ARTICLE 4. REPRESENTATIONS AND WARRANTIES OF SELLER.
----------------------------------------
4.1 Representations and Warranties of Seller.
----------------------------------------
Seller represents and warrants to Purchaser as follows:
4.1.1 Corporate Organization and Standing.
-----------------------------------
Seller is a corporation duly organized, validly existing and
in good standing under the laws of Delaware and has all corporate
power and authority to own or lease its properties and to carry on the
business of the Business as presently conducted. Seller has delivered
to Purchaser complete and correct copies of the Articles of
Incorporation of Seller and by-laws of Seller. Seller is qualified to
do business as a foreign corporation and is in good standing in each
of the jurisdictions set forth in Schedule 4.1.1 attached hereto and
made a part hereof, which are the only jurisdictions in which the
nature of the Business as now being conducted by Seller or the
property owned or leased by Seller for the benefit of the Business
makes such qualification, licensing or registration necessary except
where the failure to be so qualified would not have a material adverse
effect on the Purchased Assets or the results of the operation of the
Business.
15
4.1.2 No Conflict.
-----------
The execution, delivery and performance of this Agreement, and
any necessary approval of this Agreement by the Bankruptcy Court, does
and will not:
(i) conflict with or violate any provision of any Certificate of
Incorporation or by-laws (or other charter or governing documents) of
Seller (to the extent that such document is then governing such
entity);
(ii) conflict with or violate any law applicable to Seller or by
which any property or asset of Seller is or may be bound or affected,
except for any such conflicts or violations that, individually or in
the aggregate, could not reasonably be expected to have a material
adverse effect on the Purchased Assets or the results of the operation
of the Business; or
(iii) assuming that all Required Consents (as defined in Section
6.7 hereof) have been obtained or deemed by operation of the Sale
Order to have been given, result in any breach of or constitute a
default (or an event which with or without notice or lapse of time or
both would become a default) under, or give to others any right of
termination, amendment, acceleration or cancellation of, or result in
the creation of a Lien, on any property or asset of Seller under any
note, bond, mortgage, indenture, contract, agreement, commitment,
lease, license, permit, franchise or other instrument or obligation to
which Seller is a party or by which Seller or any of its assets or
properties is or may be bound or affected, except for such breaches,
defaults or other occurrences which, individually or in the aggregate,
could not reasonably be expected to have a material adverse effect on
the Purchased Assets or the results of the operation of the Business.
16
4.1.3 Contract Asset Statements; SEC Documents; Financial
Statements.
-----------------------------------------------------
(a) Attached as Schedule 4.1.3 is a statement setting forth the book
value of the Purchased Assets and the assets purchased pursuant to the U.K.
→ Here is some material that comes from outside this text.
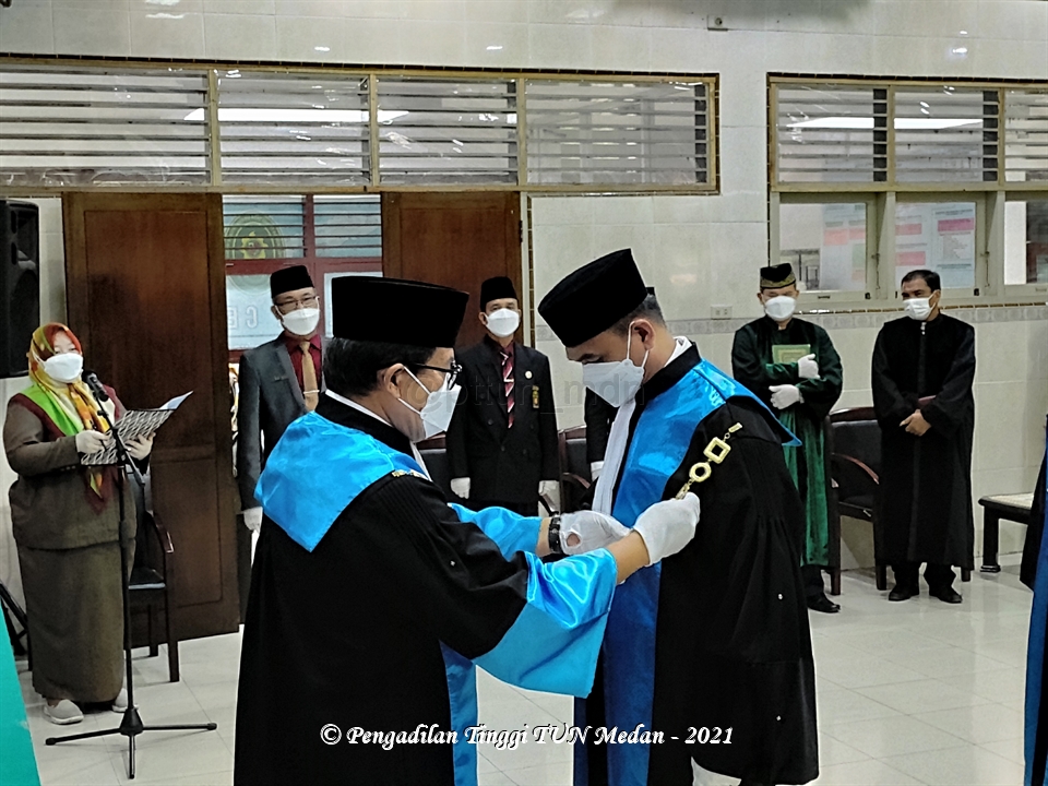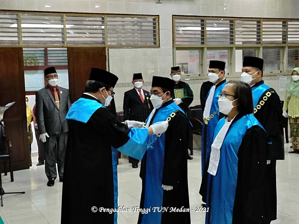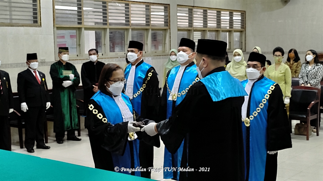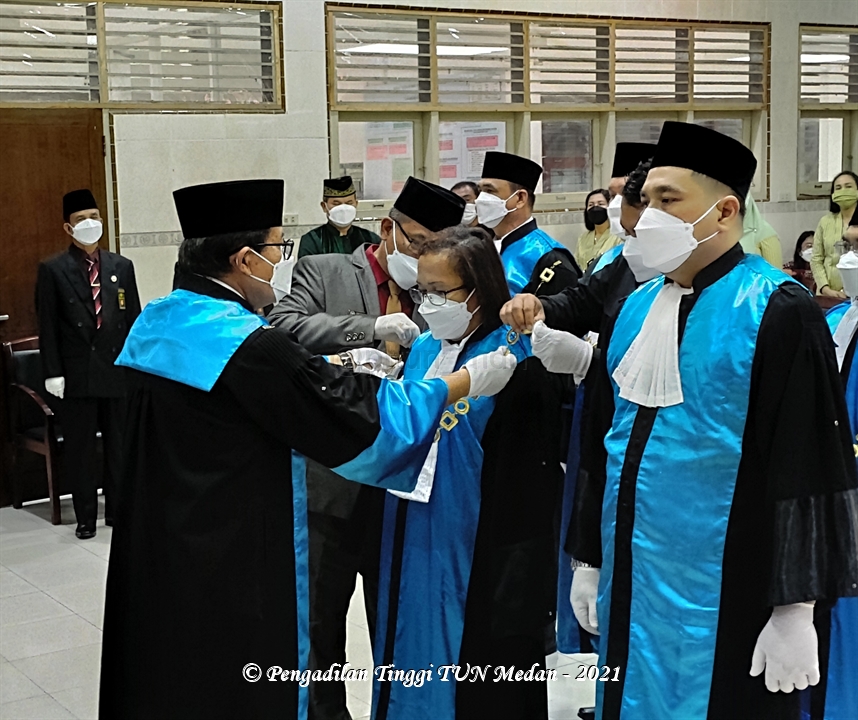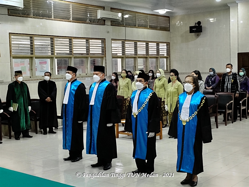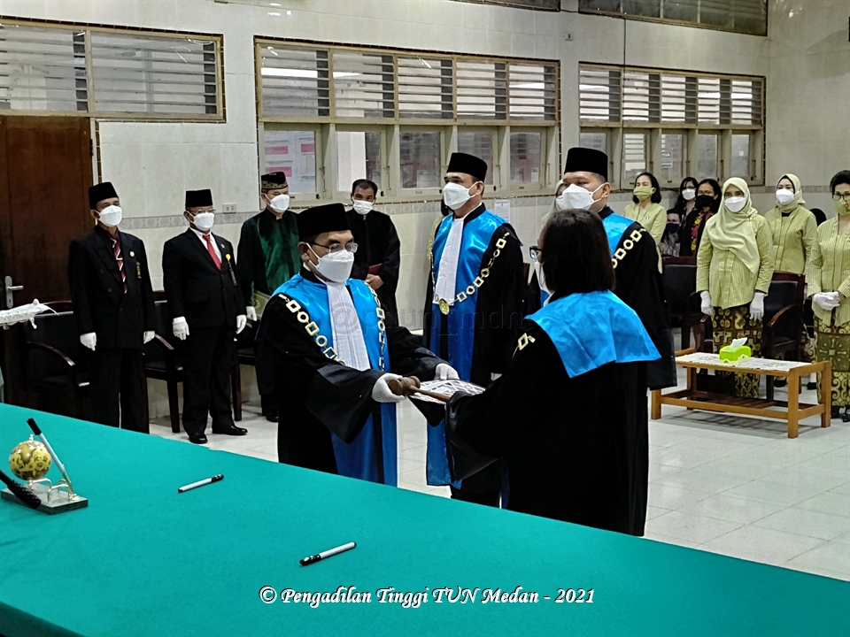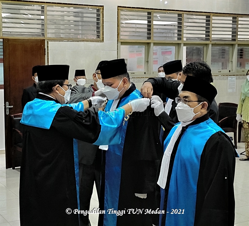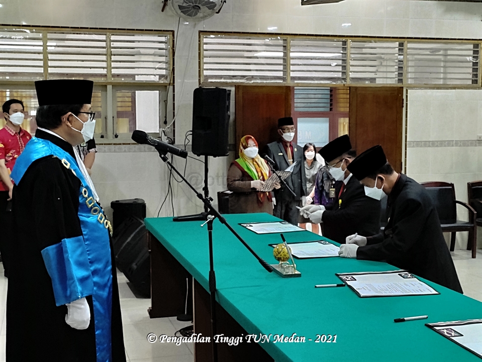Pada Hari Jum’at, 20 Agustus 2021, Pengadilan Tinggi Tata Usaha Negara Medan melaksanakan kegiatan Pengambilan Sumpah Jabatan & Pelantikan Ketua PTUN pada Wilayah Hukum Pengadilan Tinggi TUN Medan. Kegiatan tersebut dipimpin oleh Plt. Ketua Pengadilan Tinggi TUN Medan, Bapak Dr. Arifin Marpaung, SH., M.Hum., dan dihadiri oleh Para Hakim Tinggi, Pejabat Fungsional dan Struktural serta Pegawai ASN dan PPNPN. Acara berlangsung dengan tetap menerapkan Protokol Kesehatan sampai selesai dan diakhiri dengan foto bersama.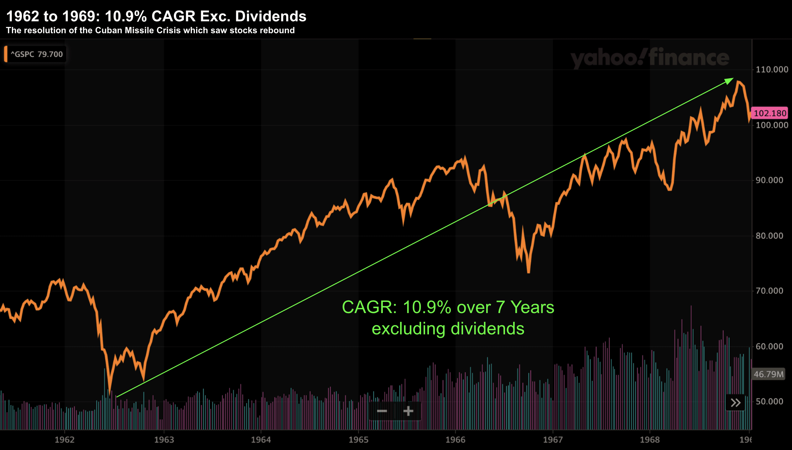 However, over the course of the next 7 years – the market returned ~10.9% CAGR (exclusive of dividends) – if buying near the 1962 June lows.

Purchase Agreement as at February 28, 2001 (the "Contract Asset
Statement"). Except as set forth on Schedule 2.4(b), the Contract Asset
Statement was prepared in accordance with GAAP and on a basis consistent
with prior practices of Seller and fairly presents the Purchased Assets and
the Assumed Liabilities (whether accrued, contingent or otherwise) of the
Business at February 28, 2001. (b) Seller has filed in a timely manner all
documents that Seller was required to file with the Securities and Exchange
Commission (the "Commission") under Sections 13, 14(a) and 15(d) of the
Securities Exchange Act of 1934, as amended (the "Exchange Act"), during
the 12 months preceding the date of the commencement of the Bankruptcy
Case, but has not filed such documents, including, without limitation, its
Annual Report on Form 10-K for the year ended September 30, 2000, as were
required to be filed thereafter. As of their respective filing dates, all
documents filed by Seller with the Commission (the "SEC Documents")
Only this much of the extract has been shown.